== Your objective ==
In the records below, find the line containing "Pärchen Hoodie Set" and the line containing "At the time". Give again exactly those lines and every line between them, omitting the pictures.

• • •

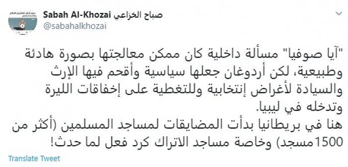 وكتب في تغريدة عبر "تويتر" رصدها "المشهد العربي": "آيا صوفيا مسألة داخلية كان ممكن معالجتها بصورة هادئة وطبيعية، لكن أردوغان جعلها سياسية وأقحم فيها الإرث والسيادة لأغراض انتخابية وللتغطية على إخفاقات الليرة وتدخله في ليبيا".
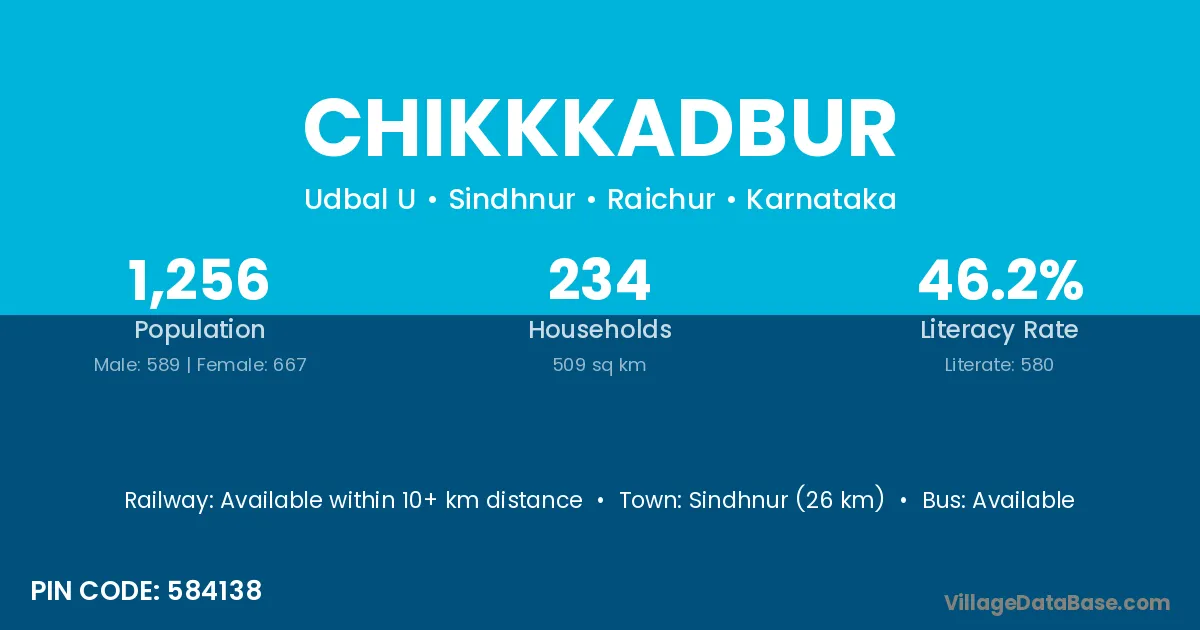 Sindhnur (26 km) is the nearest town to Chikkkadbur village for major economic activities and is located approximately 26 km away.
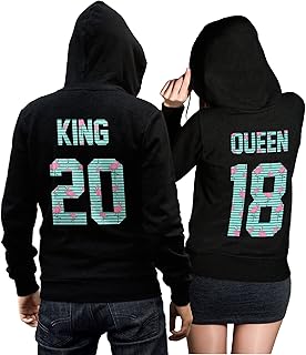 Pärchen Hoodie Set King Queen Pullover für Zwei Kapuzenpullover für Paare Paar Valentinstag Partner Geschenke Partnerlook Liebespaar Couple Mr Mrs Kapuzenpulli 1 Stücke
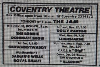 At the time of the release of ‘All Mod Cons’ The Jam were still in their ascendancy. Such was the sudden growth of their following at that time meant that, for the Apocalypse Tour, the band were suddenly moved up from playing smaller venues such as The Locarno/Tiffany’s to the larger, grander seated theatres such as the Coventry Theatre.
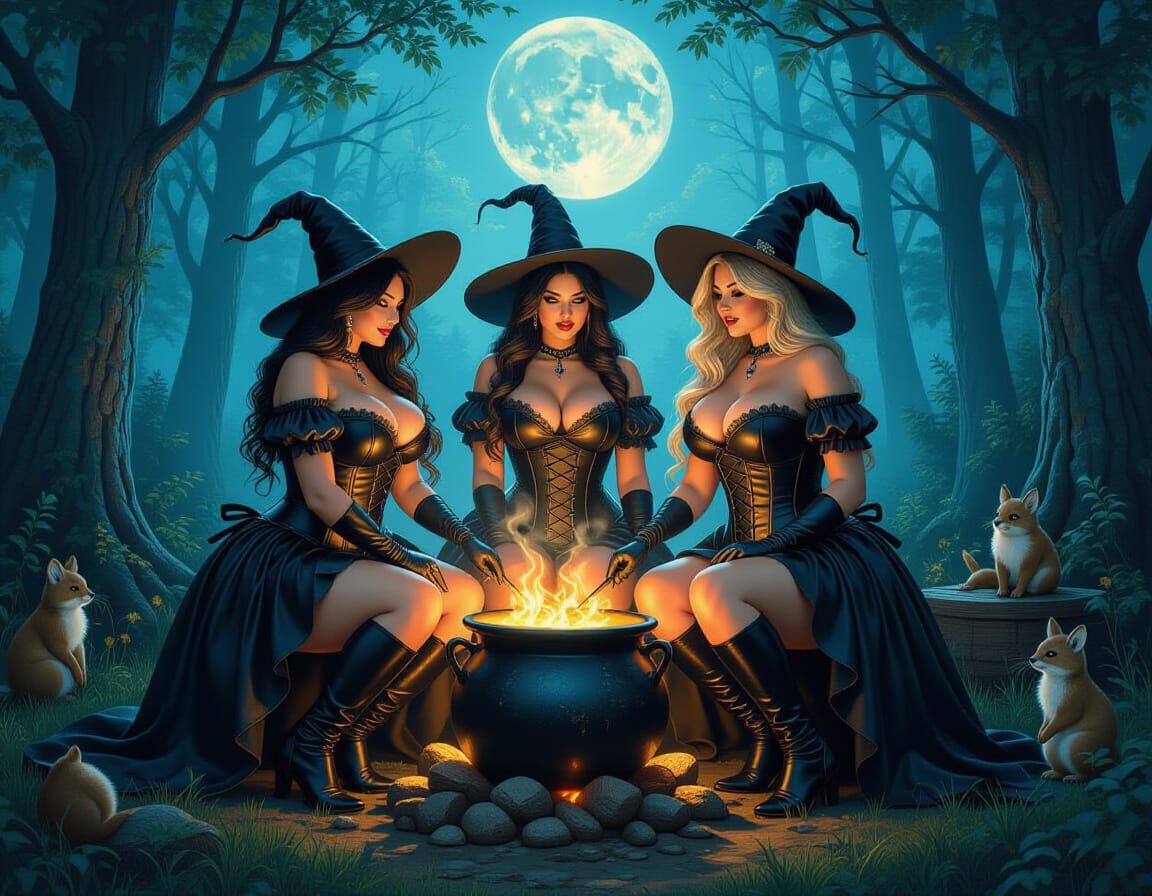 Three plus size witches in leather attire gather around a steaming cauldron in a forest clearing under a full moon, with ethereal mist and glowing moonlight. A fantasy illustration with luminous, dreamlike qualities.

• • •

== Response to this task ==
 Pärchen Hoodie Set King Queen Pullover für Zwei Kapuzenpullover für Paare Paar Valentinstag Partner Geschenke Partnerlook Liebespaar Couple Mr Mrs Kapuzenpulli 1 Stücke
 At the time of the release of ‘All Mod Cons’ The Jam were still in their ascendancy. Such was the sudden growth of their following at that time meant that, for the Apocalypse Tour, the band were suddenly moved up from playing smaller venues such as The Locarno/Tiffany’s to the larger, grander seated theatres such as the Coventry Theatre.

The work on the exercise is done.